GIANT PANDA CONSERVATION


(Projects CN0005, CN0021, CN0022, CN0064)



he giant panda (Ailuropoda melanoleuca) is perhaps the world's best known symbol of nature conservation. It is also one of the most threatened mammal species: only about 1,000 pandas survive in the wild. This is partly the result of poaching - pandas sometimes get caught in snares set for other animals. More importantly, its habitat has been severely depleted by agricultural development and logging activities. It is not only the panda which is threatened by this habitat loss. Other endangered species such as the Sichuan golden snub­nosed monkey (Rhinopithecus roxellanae), Himalayan musk deer (Moschus chrysogaster), golden pheasant (Chrysolophus pictus) and Asiatic black bear (Selenarctos thibetanus), which share the panda's habitat, are facing similar problems.

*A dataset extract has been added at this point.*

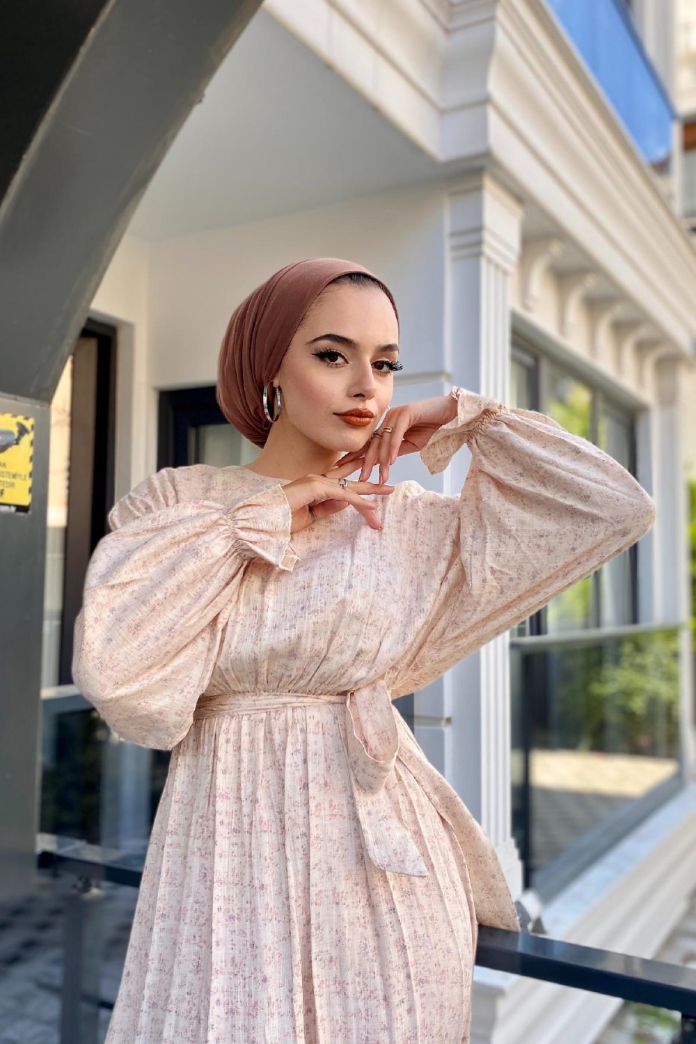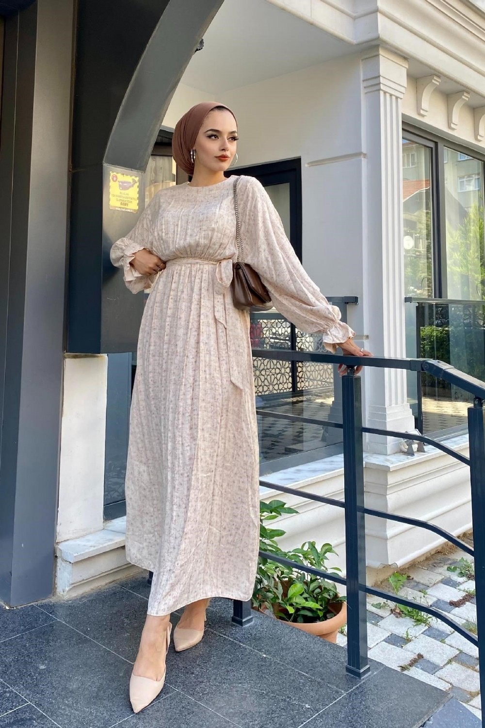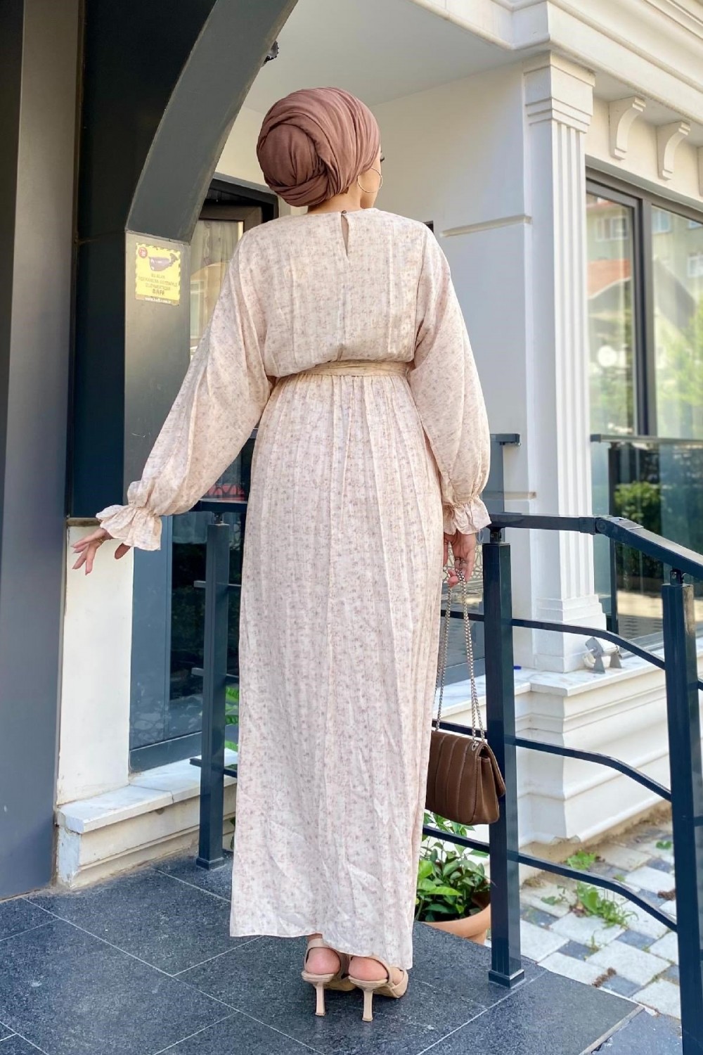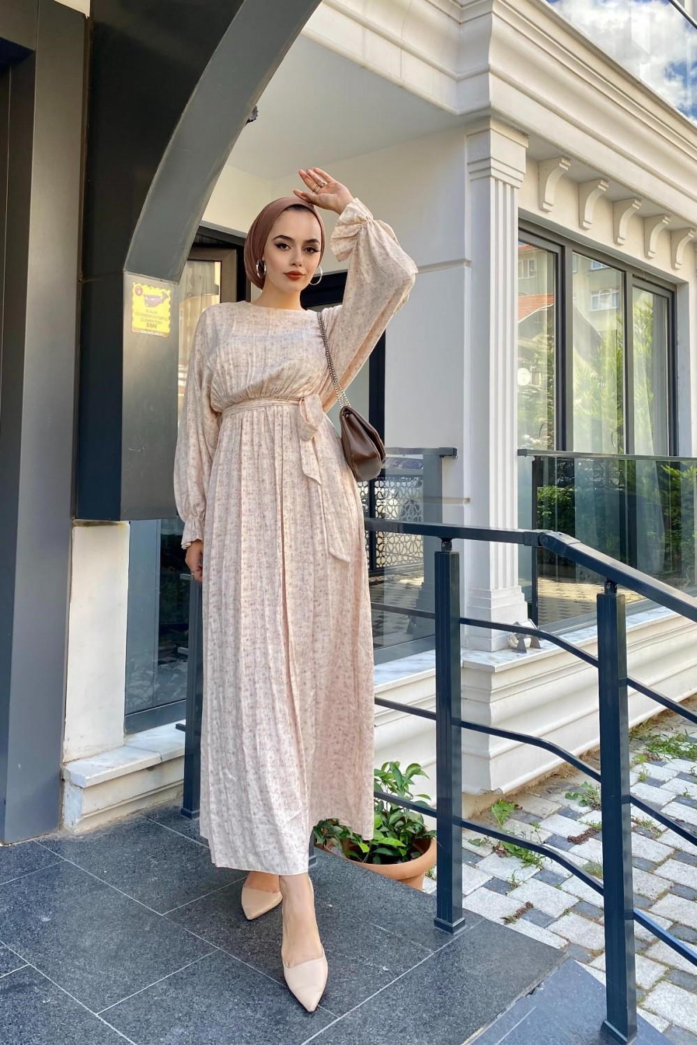 Kolu ve Beli Lastikli Renkli Elbise Bej

WWF's early panda conservation efforts focused on finding out more about the little­known animal and its habitat. Researchers studied its behaviour and biology, along with the reproductive biology of its food plants, in order to lay a sound scientific basis for the conservation programme. WWF contributed to the construction costs of a research laboratory and a captive­breeding centre at Wolong, China's biggest panda reserve. The centre, which also serves as a base for scientific field work, was established in 1983, and in September 1991, twin panda cubs were born there. Up to October 1995, there have been ten more births, making the centre one of the most productive panda captive­breeding centres, after the Beijing and Chengdu zoos. A large part of this success was due to the arrival of a veterinary expert, supported by WWF, in mid­1991.

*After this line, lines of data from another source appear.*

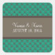 Trendy and chic Fancy Lattice Wedding Stickers featuring a stylish circle and diamond studded pattern over a vibrant emerald green background with a broad two-toned brown border. These elegant wedding stickers are perfect for a modern wedding. Easy to customise, simply add your wedding details in the text fields provided. Click "Customise It" to find more personalisation options.
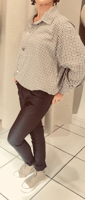 Associez-le à un pull oversize clair ou à une chemise fluide pour créer un contraste élégant.
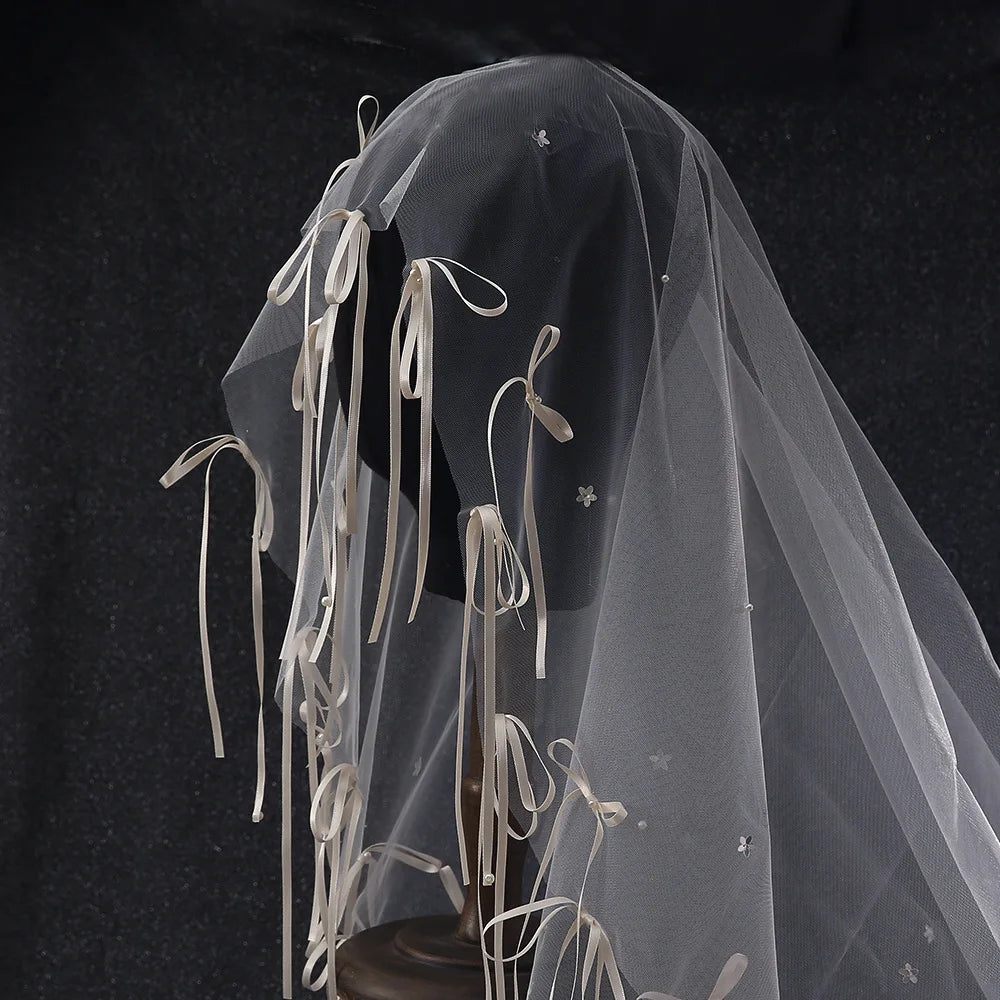 Short Bridal Veil Bowknot Flower Wedding Veils For Evening Dinner Party Dress Women Gift Hair Accessories Brides Jewelry
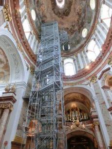 カールス教会では、2018年5月時点で天井画の修復工事中で、その修復工事用の仮設エレベータを一般見学者に解放していました。教会の入場料に仮設エレベータ代が含まれているのです。太っ腹。
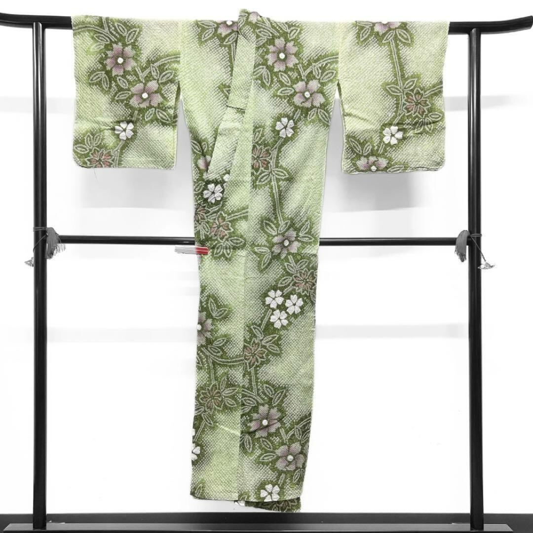 有松鳴海絞りの浴衣です。抹茶色と明るい黄緑のグラデーションに縦縞に伸びた花模様が鮮やかで美しい一本となっております。
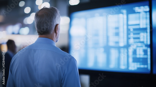 Man standing at airport terminal, gazing at large digital screen showing immigration policies, amidst bustling crowd and luggage, highlighting importance of travel regulations and border control infor
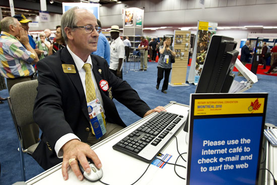 District Governor R Áne Grange visits the Internet cafe in the House
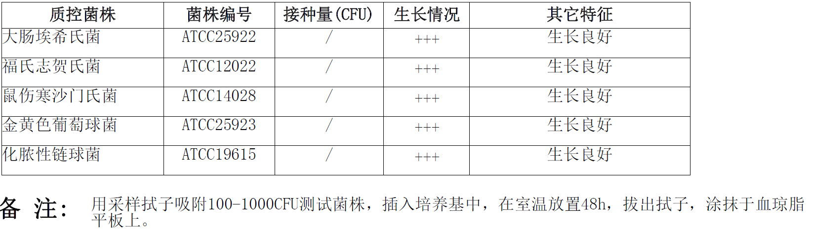 按标签用法制备培养基,接种以下质控菌株,放置20-25℃需氧培养48小时。
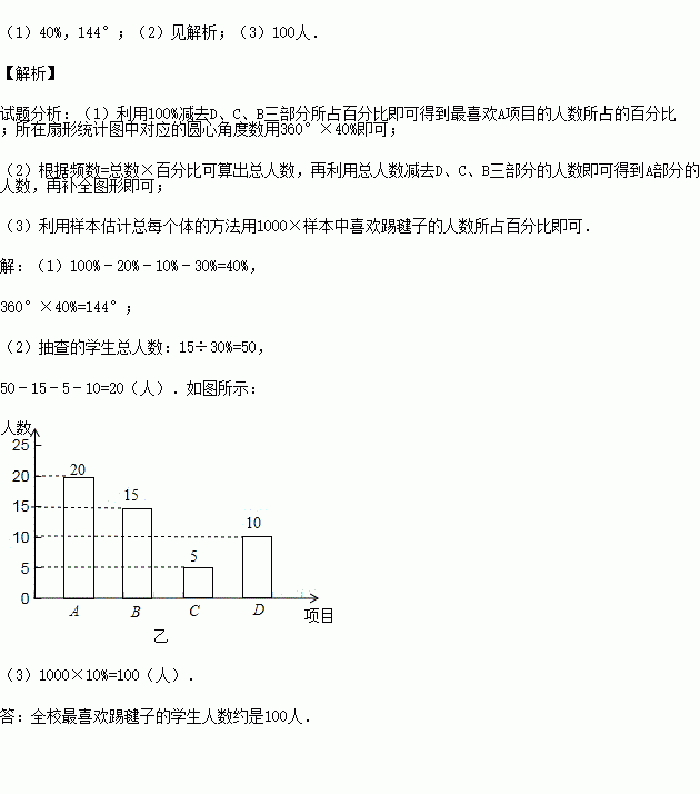 (3)若该校有学生1000人,请根据样本估计全校最喜欢踢毽子的学生人数约是多少?
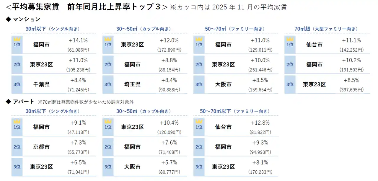 <2025年11月 全国主要都市における賃貸マンション・アパートの平均家賃(面積帯別)> |
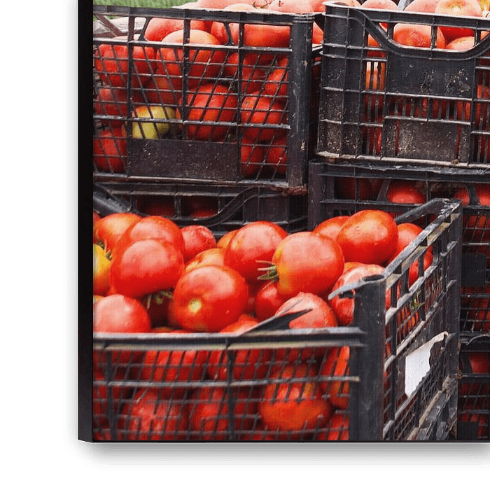 Traktor mit Ladefläche vollbepackt mit Tomaten
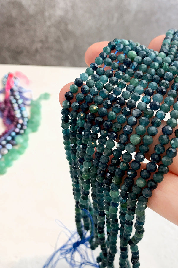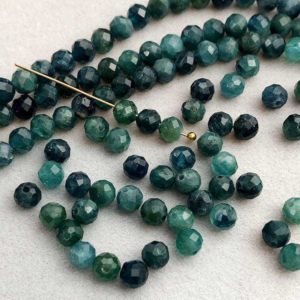 【天然石】 トルマリン (ラウンドカット) ブルー グリーン 大きさ 約4mm 穴径 約0.5~0.6mm

In 1989, WWF and China's Ministry of Forestry jointly produced a "Management Plan for the Giant Panda and its Habitat". This focuses on setting up 14 new reserves, maintaining or re­establishing "bamboo corridors" which allow the otherwise isolated groups of pandas to communicate and interbreed, and improving the management and protection of panda reserves. The plan was further refined by the Ministry, and developed into "The National Conservation Programme for the Giant Panda and its Habitat" (NCPGP). The ten­year programme, which only received approval from China's State Council (Cabinet) in 1992, has a budget of RMB300 million or US$35.7 million (US$1 = RMB8.4), of which a fifth will be provided by the Chinese government. WWF has agreed to help the Ministry raise the necessary funds to implement the programme.

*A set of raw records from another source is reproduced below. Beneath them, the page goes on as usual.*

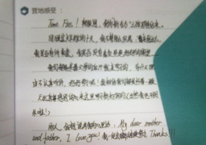 轉(zhuǎn)眼間,營(yíng)地的生活已經(jīng)接近尾聲,同學(xué)們馬上要回到父母身邊,這十天對(duì)于同學(xué)們來(lái)說也許是痛并快樂著的十天,每天的晚間活動(dòng)豐富同學(xué)們營(yíng)地生活的同時(shí)也讓人感慨,時(shí)間過得如此之快,而對(duì)于在家的父母來(lái)說這十天卻是相當(dāng)?shù)穆L(zhǎng)。父母賜予我們生命,我們最應(yīng)感恩的就是把我們帶到這個(gè)世界上來(lái)的父母。在營(yíng)地生活的尾聲,詞匯營(yíng)的同學(xué)們以“感恩父母”為主題,用日志記錄下對(duì)父母深深的愛。
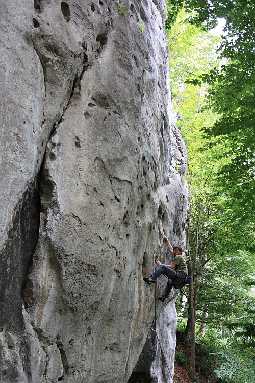 Den po dni předchozím vyrážíme do lichoběžníkovitého sektoru Trapez. A skutečně, krky tady dostanou zabrat, protože výše cest je kolem 30m a záklon je jednou z hlavních radostí jističů. Sektor je navíc jako jeden z mála nechráněn stromy a v případě svitu slunce sem svítí slunce. Cesty vysychají jedna přes druhou. Nejsme sami, kdo o tomto jevu ví a podskalí se v průběhu neděle plní svátečními lidmi. Tento sektor má dvě těžiště...jedno leží na úrovni stupně 6a a to druhé na úrovni 7a. Existují samozřejmě výjimky z pravidel, z těžišť. Vše je kolmé, vše je dlouhé, vše je technické. Večer Luka odjíždí, protože musí. Hrachových slz však netřeba, ještě se potkáme.
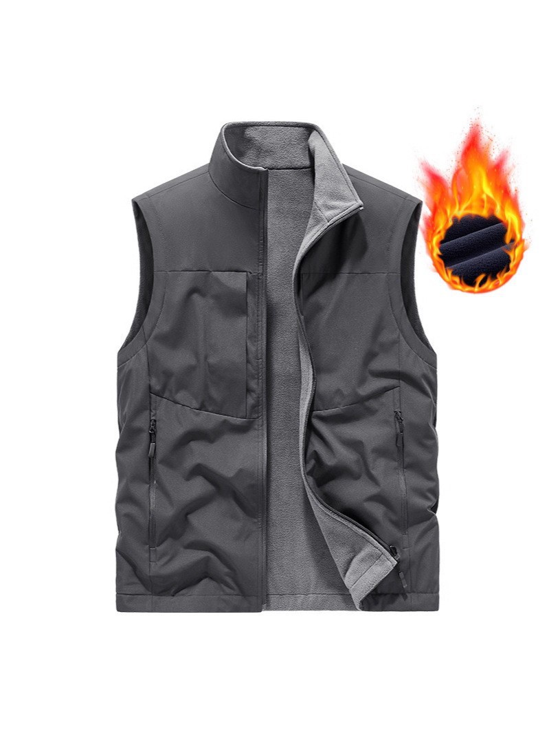 남자 조끼 겨울 기모 멀티 포켓 조끼 중년 아빠 야외 등산 루즈 조끼 후드 재킷 어깨

Some of the NCPGP activities have already begun. Two new reserves were established in 1993 - Laoxiancheng in Shaanxi Province and Anzihe in Sichuan Province. The Sichuan Forestry Department has begun detailed designs for the 10 proposed reserves in the province. Several existing panda reserves have been upgraded, and a central office to oversee the NCPGP is up and running at the Ministry of Forestry in Beijing. WWF will also start work at Wanglang Reserve in northern Sichuan's Min Mountains. This is in addition to other on­going WWF­supported activities such as reserve management planning, guard training at Wolong, and the research work of Pan Wenshi, one of China's leading panda experts.